La soledad del árbitro
El árbitro pita y da comienzo a su propio calvario. Noventa minutos y lo que él mismo decida agregarle a su particular sesión de punching ball. A partir de ahí, como si fuera un pequeño agujero negro en el centro de la cancha, absorberá toda la energía, la furia y las frustraciones que se originen a su alrededor, será el depositario de los nervios y las inseguridades de jugadores, entrenadores y público y, de alguna manera, un poco más mística recibirá, vía coaxial, los improperios de los que miran el partido por cable.
Esta situación es inherente al oficio. El árbitro, como el proctólogo, conoce de antemano que el suyo no es un camino de flores. Sabe que una vez allí ya no tiene un nombre y un apellido, sino que es simplemente el árbitro, como si todos fueran el mismo y éste fuera la encarnación en pantalones cortos de la injusticia y el fracaso del mundo. Sabe también que si en su lugar ubicaran a un robot programado para ser infalible, una especie de oráculo mecánico, una parte del público seguiría acusando a la progenitora de la máquina de ejercer el más antiguo de los oficios, de la misma manera que nos acordamos de la madre del martillo cuando nos machacamos, sin querer, nuestro propio dedo.

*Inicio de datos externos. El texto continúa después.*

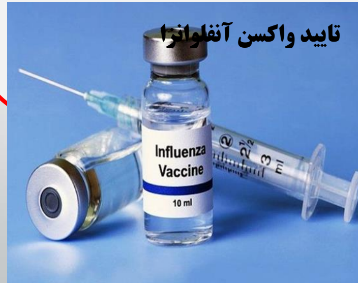
تایید واکسن آنفلوانزا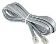
propojovací kabel RS232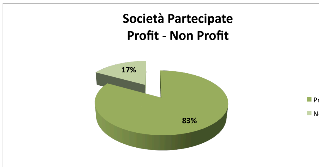
Figura n. 3 - Società Partecipate Profit – Non Profit

Le 919 società partecipate dei Comuni Capoluogo di Provincia possono essere a loro volta suddivise tra società profit e non profit. Si evidenzia anche attraverso la figura n. 3 la composizione del campione relativo alle 919 società partecipate nella rispettiva suddivisione tra Profit e Non Profit.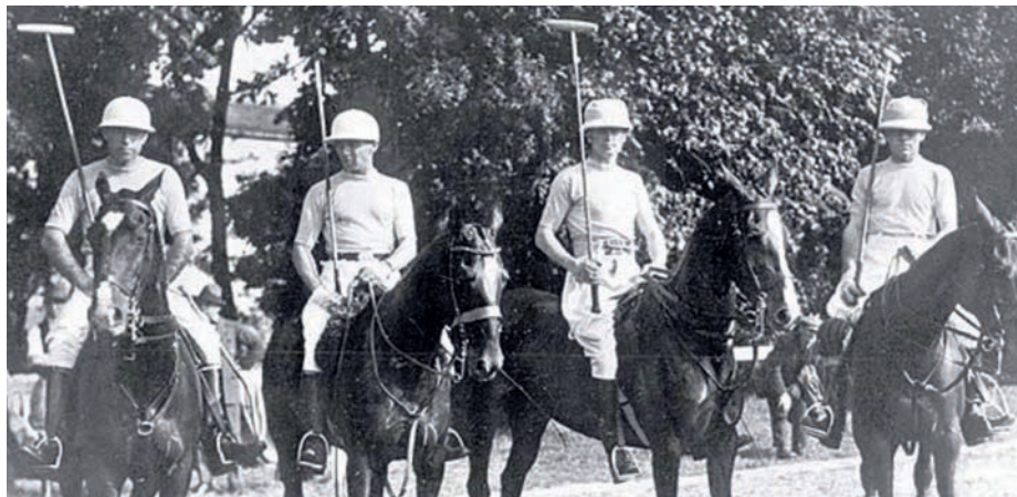
Ready to play! Hästpolo var en av många sporter med brittisk anknytning.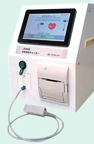
※自律神経チェッカー J556K

No esperaban los árbitros que la televisión llegara para arbitrarlos a ellos y terminar siendo más juzgados que los propios futbolistas. Ahora, además de las desventajas habituales, cuentan con la competencia desleal de la repetición y la cámara lenta, con puntos de vista de cámaras que, en plan Gran Hermano, vigilan el espacio posicionadas en lugares humanamente imposibles; con líneas digitales que cruzan el campo a la caza de un offside omitido; con tertulias masivas que debaten y resuelven, entre comerciales, si ese balón estaba dentro o fuera del área cuando tocó el hombro o la mano, del bien o del malintencionado defensor.
Ahora el pitido final no es más que el comienzo de un nuevo martirio en donde el partido, terminado y empaquetado en un resumen de imágenes, se transforma en una gran piedra que rueda cuesta abajo y los aplasta en el camino. Una versión del mito de Sísifo.
En el fútbol moderno las entrevistas pospartido funcionan como una especie de cámara hiperbárica que permite a los protagonistas desviar parte de la presión que pesa sobre ellos, dirigirla hacia otro lado, y dónde mejor que en hombros del colegiado ya desprovisto del silbato. Ante estas sesiones de catarsis futbolera los jueces se encuentran maniatados y expuestos, no tienen un espacio de réplica, una trinchera desde la que responder al ataque.
La semana pasada se avivó en el calcio una escalada de acusaciones y enfrentamientos, poniendo en tela de juicio la competencia de los árbitros. No creo que haya aumentado la frecuencia con la que se equivocan, sí lo ha hecho la mediatización de su trabajo y la utilización ventajista de sus desaciertos.
En un torneo el referee es el único que no escucha aplausos ni vítores, el único para el que la indiferencia es la victoria máxima, el único para el que la recompensa al partido perfecto es el silencio.